Delbert guessed out loud that the Black Panthers probably did not have parents who were much worried about them carrying guns and shouting about revolution.

  “I can see why any colored person would be angry,” he said. “That doesn’t take any imagination. But the only progress I seen us make in this country is how Dr. King was showing us. You disobey the laws that ain’t just, that ain’t right. But you know to begin with what the consequences are going to be and you take ‘em when they come your way. It ain’t that you don’t believe in being law abiding. You just can’t obey laws that ain’t right. You just want the law to be the same for everybody. You do what’s right. And you pray for them that do wrong. Anyways, people start shooting and killing other people, things are going to get a whole lot worse. Not better.”

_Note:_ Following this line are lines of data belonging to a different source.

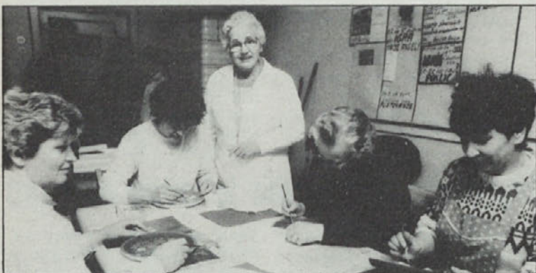
Kotmirške žene so se naučile umetnosti slikanja na les.

Kotmirško društvo „Gorjanci“ je v okviru letošnjega Rožanskega izobraževalnega tedna vabilo na dve prireditvi: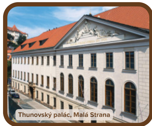
Thunovský palác, Malá Strana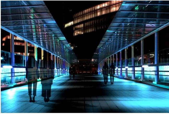
(5) みなとみらい歩道橋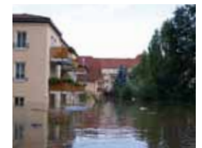
Hochwasser in der Stadt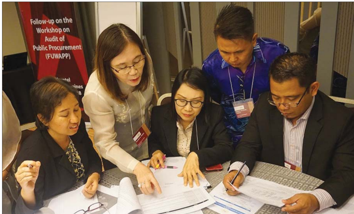
Kiểm toán viên Malaysia thực thi công vụ

Năm 2016, 7 cơ quan kiểm toán tối cao (SAI) thành viên Tổ chức Các cơ quan Kiểm toán tối cao Đông Nam Á (ASEANSAI) gồm: Campuchia, Indonesia, Lào, Malaysia, Philippines, Thái Lan và Việt Nam đã thực hiện Đề án Kiểm toán thu ngân sách nhằm tăng cường năng lực kiểm toán của các SAI về kiểm toán nguồn thu từ thuế xuất nhập khẩu, thuế giá trị gia tăng và thuế thu nhập DN. Việc thực hiện Đề án này đã đạt được một số kết quả nổi bật.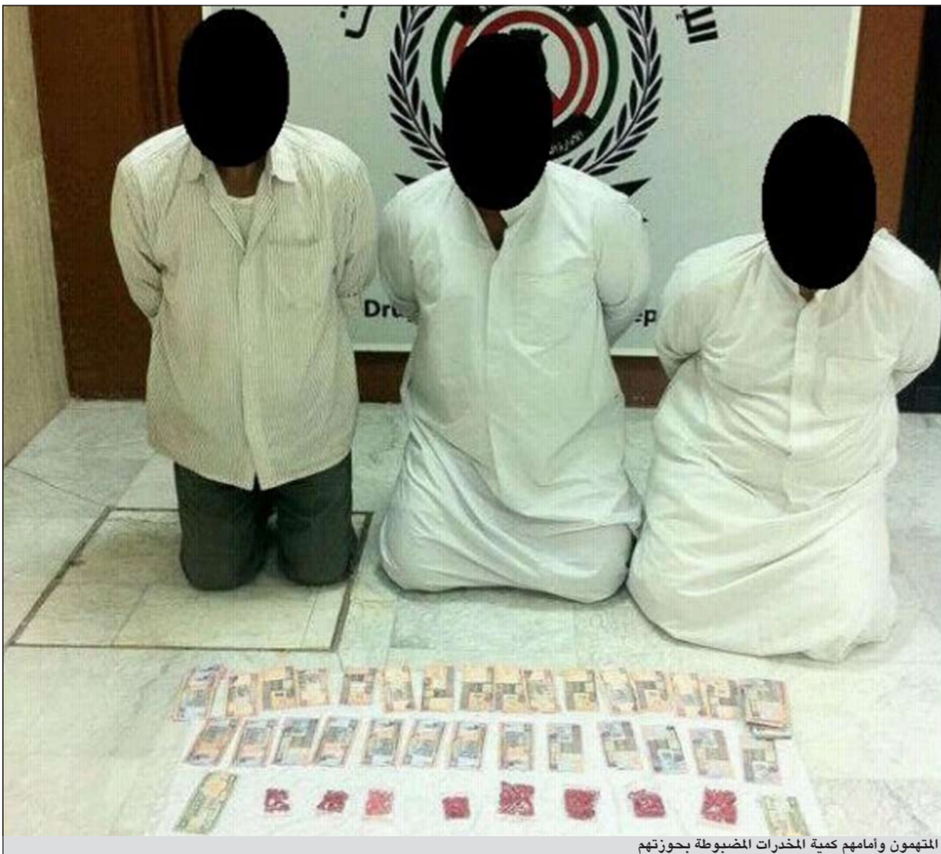
المتهمون وامامهم كمية المخدرات المضبوطة بحوزتهم

قادت الصدفة رجال ادارة المهام السرية التابعة للأمن العام لضبط 3 أشخاص بحالة غير طبيعية وبحوزتهم قطعان من الخشيش و40 غراماً من الهيروين معدة للبيع وعدد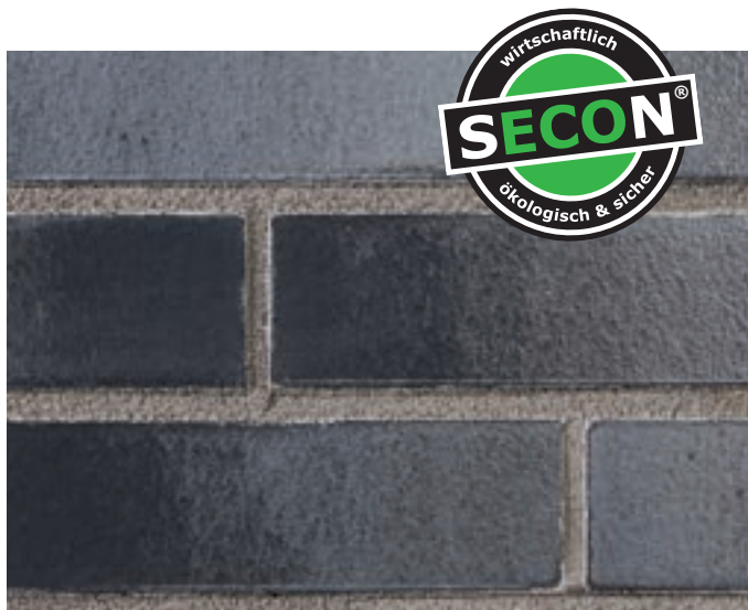
Затирка для швов S-FM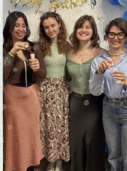
Ziua ATTU - mai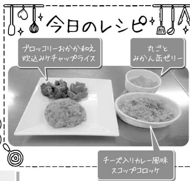
ブロッコリーおかか和え 炊込みケチャップライス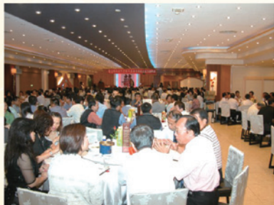
▲賀客盈門冠蓋雲集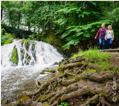
Aux abords de la cascade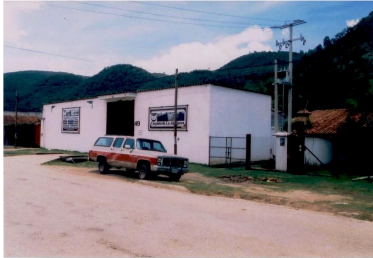
Exterior de la carpintería La Alpujarra.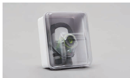
C90 – Boitier mural.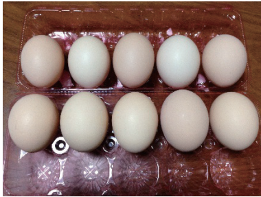
③ たまごの写真をとる。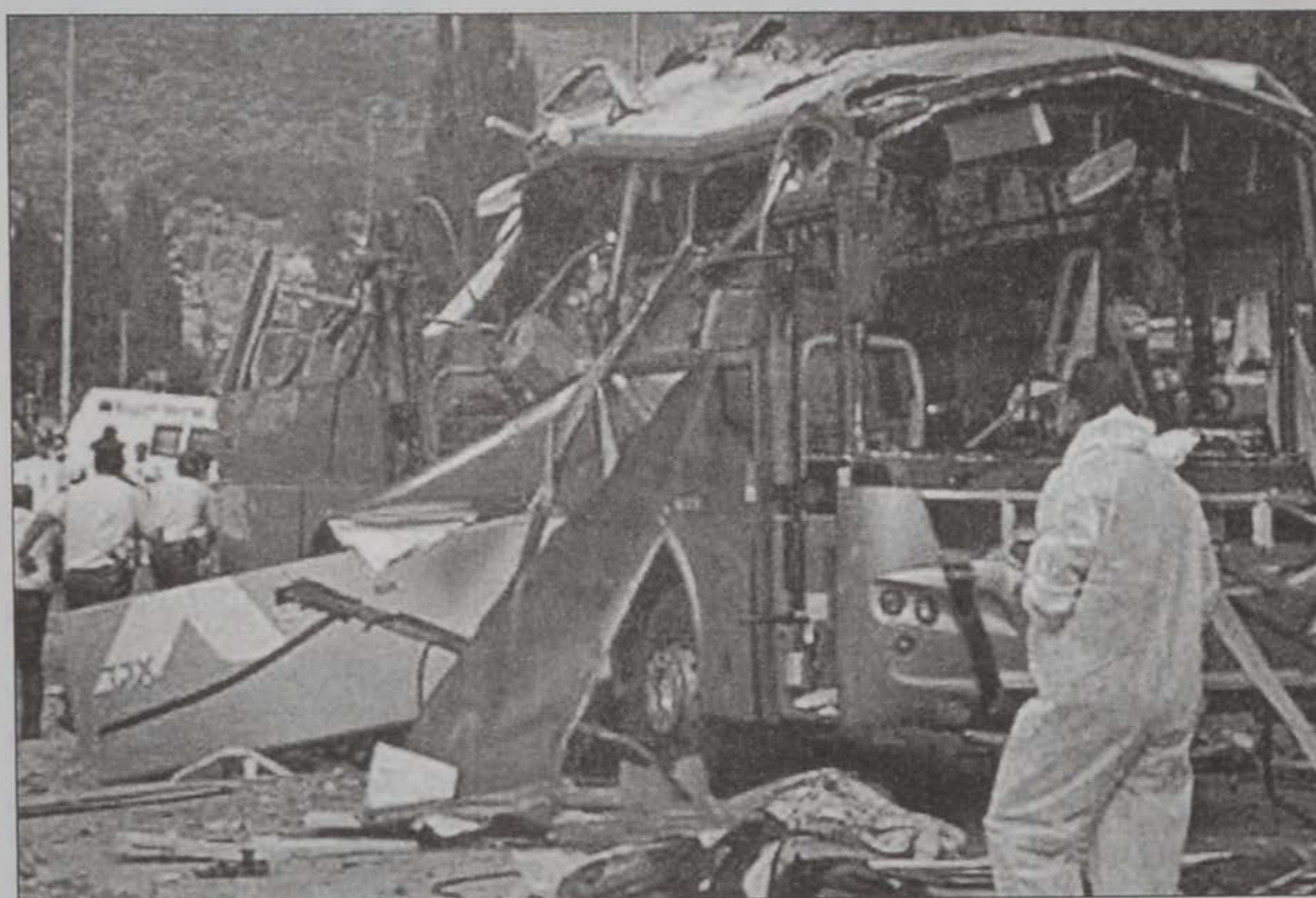
Պայթած օթոպիւսին «մնացորդաց»ը

Անձնասպանական գործողութիւնը կատարուեցաւ Քալքիլի մէջ: Օթոպիւսը լեցուն էր իսրայէլացի քաղաքայիններով եւ պինդորներով, որոնք արձակուրդէն կը վերադառնային Կօրանց: Գործողութենէն

  As he approached the steps, the group of young black men and women stopped their chanting and moved aside to allow Delbert up the stairs. This relieved Delbert’s anxiety somewhat. He reached for the door to go inside and a uniformed deputy stepped out to block his entry. The deputy put one hand on Delbert’s chest to keep him from moving forward. The other hand gripped the handle of his holstered revolver.

  “Where do you think you’re going?” he asked Delbert.

  “Well, sir, I’m here to see one of your prisoners,” Delbert said.

  Delbert looked down, his head bowed slightly. The Panthers moved in around Delbert and the officer.

  “Who exactly are you here to see?” the deputy asked, eyeing the group warily.

  “LaVerne Williams, sir,” Delbert said. He kept his head low and didn’t make eye contact. One of the Panthers huffed indignantly.

  “You don’t need to be calling that pig ‘sir’,” he growled. “He ain’t your master, is he?”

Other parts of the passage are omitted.